DATASET CONTENT:
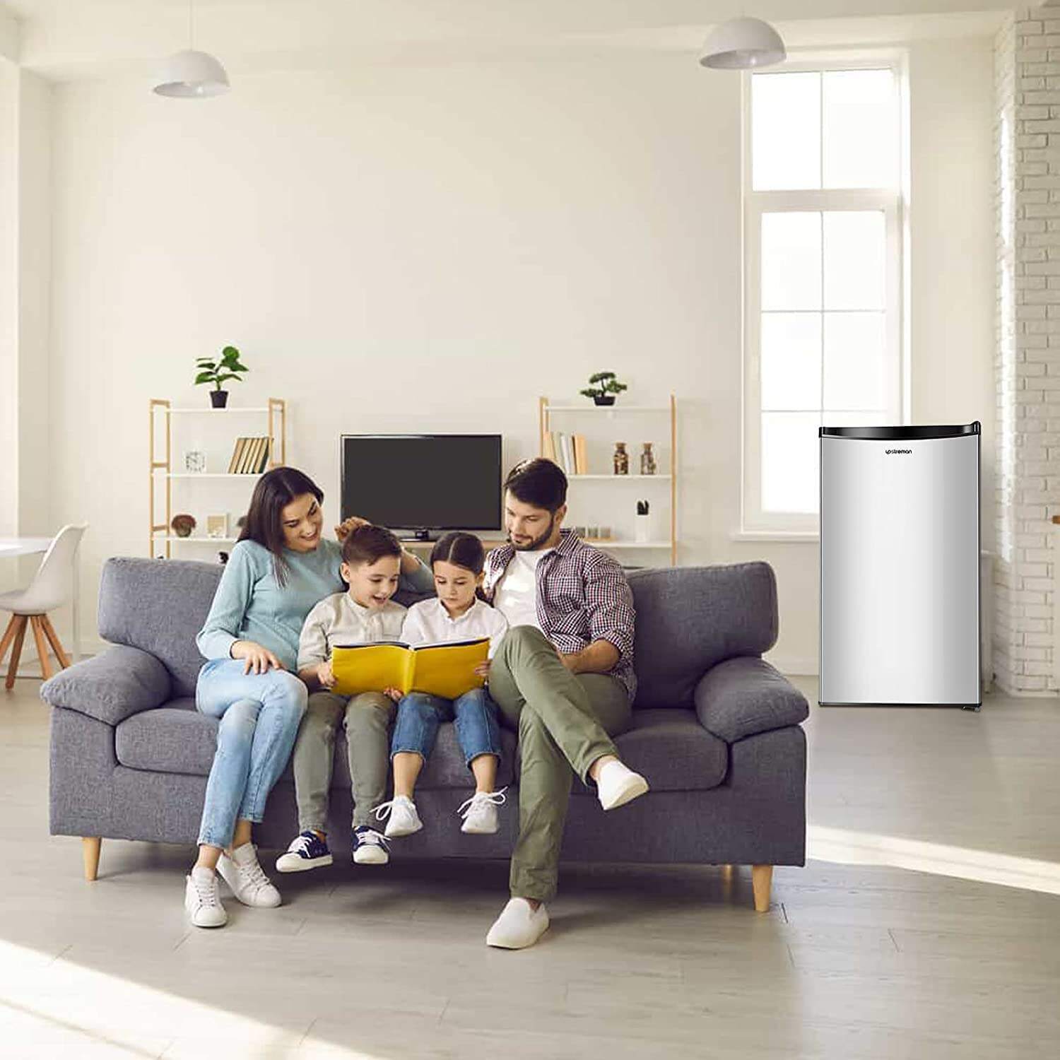 • Crisper Drawer & Removable Shelves: Features a crisper drawer to keep your greens and fruits fresh and juicy. The small fridge storage space is adjustable to practical uses with removable shelves. Arrange these shelves how you see fit and you’d be amazed how much the small fridge can stores.
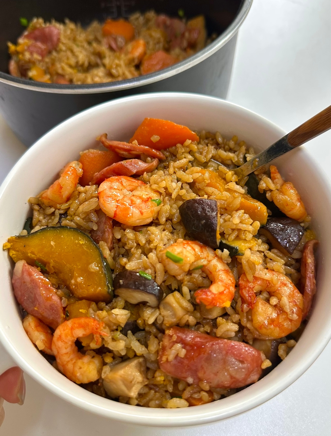 家人们谁懂啊!下班回家只想瘫着,娃还吵着要吃好吃的,不想在厨房折腾半天,又想做出营养又美味的饭菜,这道电饭煲大虾南瓜腊肠焖饭简直是我的救命稻草!不用颠勺不用看火,往电饭煲里一丢,等着就能收获一锅香到邻居来敲门的焖饭,软糯的南瓜、Q弹的大虾、油润的腊肠裹着粒粒分明的米饭,一口下去,疲惫直接烟消云散~
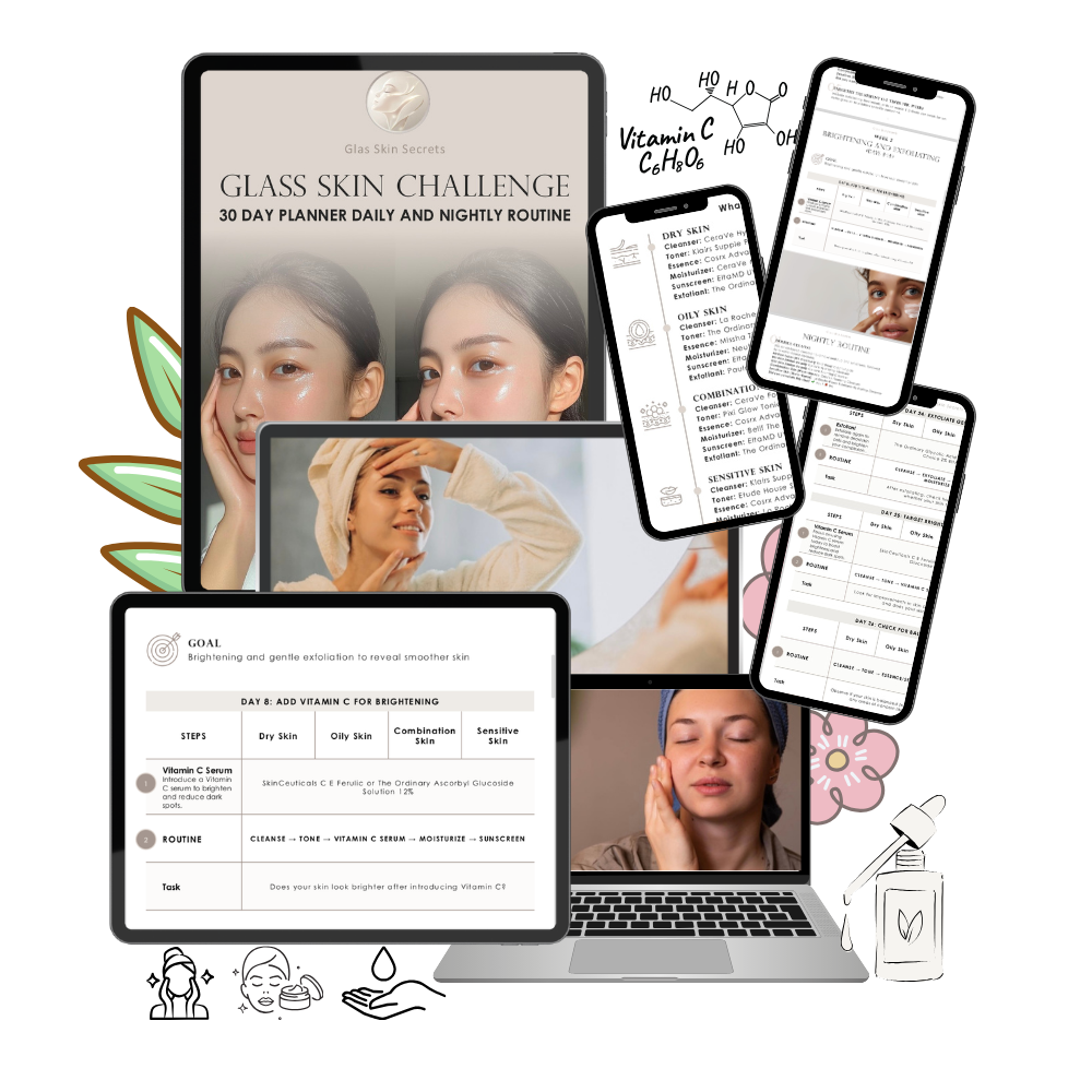 Transform your skin with our step-by-step routines and personalized skincare solutions. Whether you're tackling dryness, acne, sensitivity, or signs of aging, our 30-Day Glass Skin Challenge will help you achieve smooth, glowing, glass-like skin.
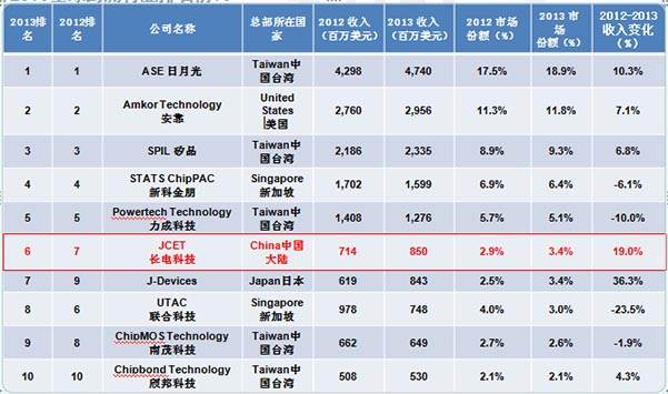 此时,长电科技排名为全球第六,年营收9.82亿美元,若顺利将星科金朋收入囊中,公司将直接跃升为全球第三大封测厂。

EXERCISE OBJECTIVE: If a line holds a picture, skip the picture and transcribe the rest of the material exactly.

RESULT:
 • Crisper Drawer & Removable Shelves: Features a crisper drawer to keep your greens and fruits fresh and juicy. The small fridge storage space is adjustable to practical uses with removable shelves. Arrange these shelves how you see fit and you’d be amazed how much the small fridge can stores.
 家人们谁懂啊!下班回家只想瘫着,娃还吵着要吃好吃的,不想在厨房折腾半天,又想做出营养又美味的饭菜,这道电饭煲大虾南瓜腊肠焖饭简直是我的救命稻草!不用颠勺不用看火,往电饭煲里一丢,等着就能收获一锅香到邻居来敲门的焖饭,软糯的南瓜、Q弹的大虾、油润的腊肠裹着粒粒分明的米饭,一口下去,疲惫直接烟消云散~
 Transform your skin with our step-by-step routines and personalized skincare solutions. Whether you're tackling dryness, acne, sensitivity, or signs of aging, our 30-Day Glass Skin Challenge will help you achieve smooth, glowing, glass-like skin.
 此时,长电科技排名为全球第六,年营收9.82亿美元,若顺利将星科金朋收入囊中,公司将直接跃升为全球第三大封测厂。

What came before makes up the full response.